The Portuguese who arrived in Sri Lanka at the beginning of the 16th century were able to establish their power in many areas of the Maritime Provinces of the island. As the Portuguese who this captured the Maritime Provinces invaded the Kandyan Kingdom with the intention of conquering that Kingdom too.
Attempts by Kandy to enlist Dutch help in expelling the Portuguese only resulted in the substitution of one European power for another. By 1658, 153 years after the first Portuguese contact, the Dutch took control over the costal areas of the Island. During their 140-year-rule the Dutch, like Portuguese, were involved in repeated unsuccessful attempts to bring Kandy under their control. The Dutch were much more interested in trade and profits than the Portuguese, who spent a lot of efforts spreading their religion and extending their physical control.
The Dutch had establish a strong trading company called the United East Indian Company (VOC) in order to implement their trading activities effectively and systematically. This trading company had undertaken trading activities and the expansion of political power of the Dutch in Asia. Until the arrival of the Dutch in Asia, the Portuguese did not face any threat from European nation for about a period of a century. But with the arrival of the Dutch conflicts began with the two powers in Asia with regard to their commercial interests. In this situation, Kandyan kings attempted to obtain the assistance of the Dutch to expel the Portuguese from Sri Lanka. By this unit is expected to study the relations between he Kandyan Kingdom and the Dutch and also the nature of the socio – economic and cultural impact of the Dutch rule.

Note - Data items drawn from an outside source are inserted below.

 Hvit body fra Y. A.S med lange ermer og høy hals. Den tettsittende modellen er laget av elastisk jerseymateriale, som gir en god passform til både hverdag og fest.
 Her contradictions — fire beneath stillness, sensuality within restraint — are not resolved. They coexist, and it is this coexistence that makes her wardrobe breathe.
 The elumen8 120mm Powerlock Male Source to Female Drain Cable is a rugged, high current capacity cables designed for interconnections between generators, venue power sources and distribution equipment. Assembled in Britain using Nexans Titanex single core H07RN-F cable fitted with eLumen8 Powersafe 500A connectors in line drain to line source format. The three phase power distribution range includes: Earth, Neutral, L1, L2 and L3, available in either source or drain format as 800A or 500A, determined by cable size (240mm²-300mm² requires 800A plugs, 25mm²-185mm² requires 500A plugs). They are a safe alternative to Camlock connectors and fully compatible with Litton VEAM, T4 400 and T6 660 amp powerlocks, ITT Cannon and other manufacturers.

The Dutch were used by the Sinhalese king to take revenge on the Portuguese who wanted to expand their rule. The coming of the Dutch ensured that the Portuguese had two enemies to deal with, so that finally the Portuguese were forced to sign a treaty with the Dutch and come to terms with their open economies. Finally, the Portuguese left Ceylon.

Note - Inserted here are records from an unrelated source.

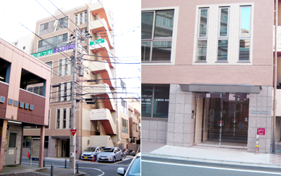 K 左前方のビルにクリニックの看板が見えてきます。 |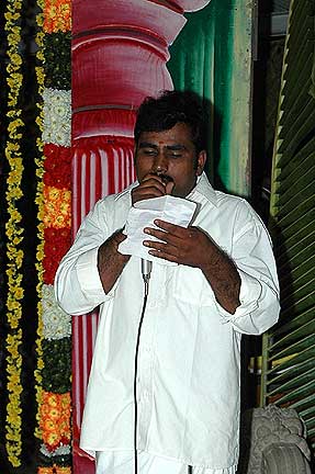 This is PR Supramani again. He is a highly intelligent person often participating in dramas etc and he is presenting a poem on Iraivan in Tamil. We had Madam Sheela Venkatakrishnan, who looks from behind to translate the poem into English.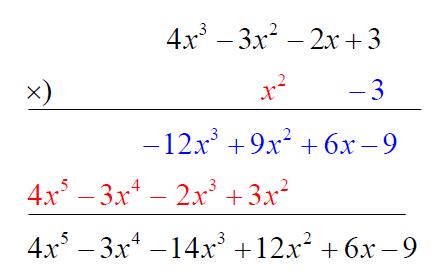 $$={4x^5-3x^4- {x^3}(2+12) + {x^2}(3+9)+6x-9}$$ (同類項合併)

Portugal was at war with its ruler, the King of Spain. Once Portugal obtained its freedom from Spain in 1640, the Netherlands settled for peace with Portugal. Then they divided the occupied areas of Ceylon amicably under a treaty signed in Goa. Slowly, the Dutch became the rulers of coastal and outer areas of Ceylon and Indonesia, and the Portuguese were left with smaller pieces of territory than those of the Dutch and the English.
The Dutch contributed significantly to the evolution of the judicial, and, to a lesser extent, administrative systems on the island. They codified indigenous law and customs that did not conflict directly with Dutch-Roman jurisprudence. The outstanding example was Dutch codification of the Tamil legal code of Jaffna- -the Thesavalamai. To a small degree, the Dutch altered the traditional land grant and tenure system, but they usually followed the Portuguese pattern of minimal interference with indigenous social and cultural institutions. The provincial governors of the territories of Jaffnapatam, Colombo, and Trincomalee were Dutch. These rulers also supervised various local officials, most of whom were the traditional mudaliyar (headmen).

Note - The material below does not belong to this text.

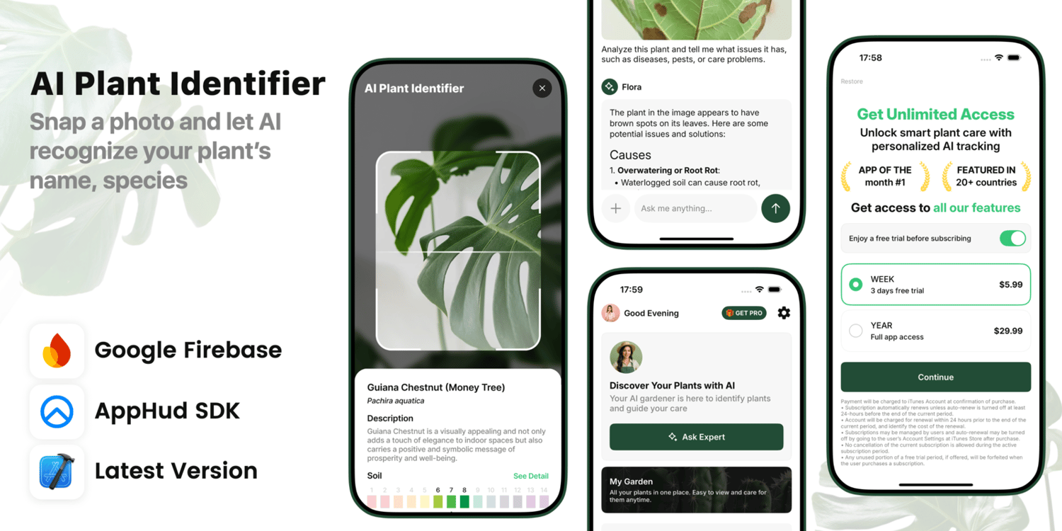 AI Plant Identifier is a fully featured, production-ready app ideal for the booming gardening, sustainability, and education markets.

The Dutch, like the Portuguese before them, tried to entice their fellow countrymen to settle in Sri Lanka, but attempts to lure members of the upper class, especially women, were not very successful. Lower-ranking military recruits, however, responded to the incentive of free land, and their marriages to local women added another group to the island’s already small but established population of Eurasians–the Portuguese Burghers. The Dutch Burghers formed a separate and privileged ethnic group on the island in the twentieth century.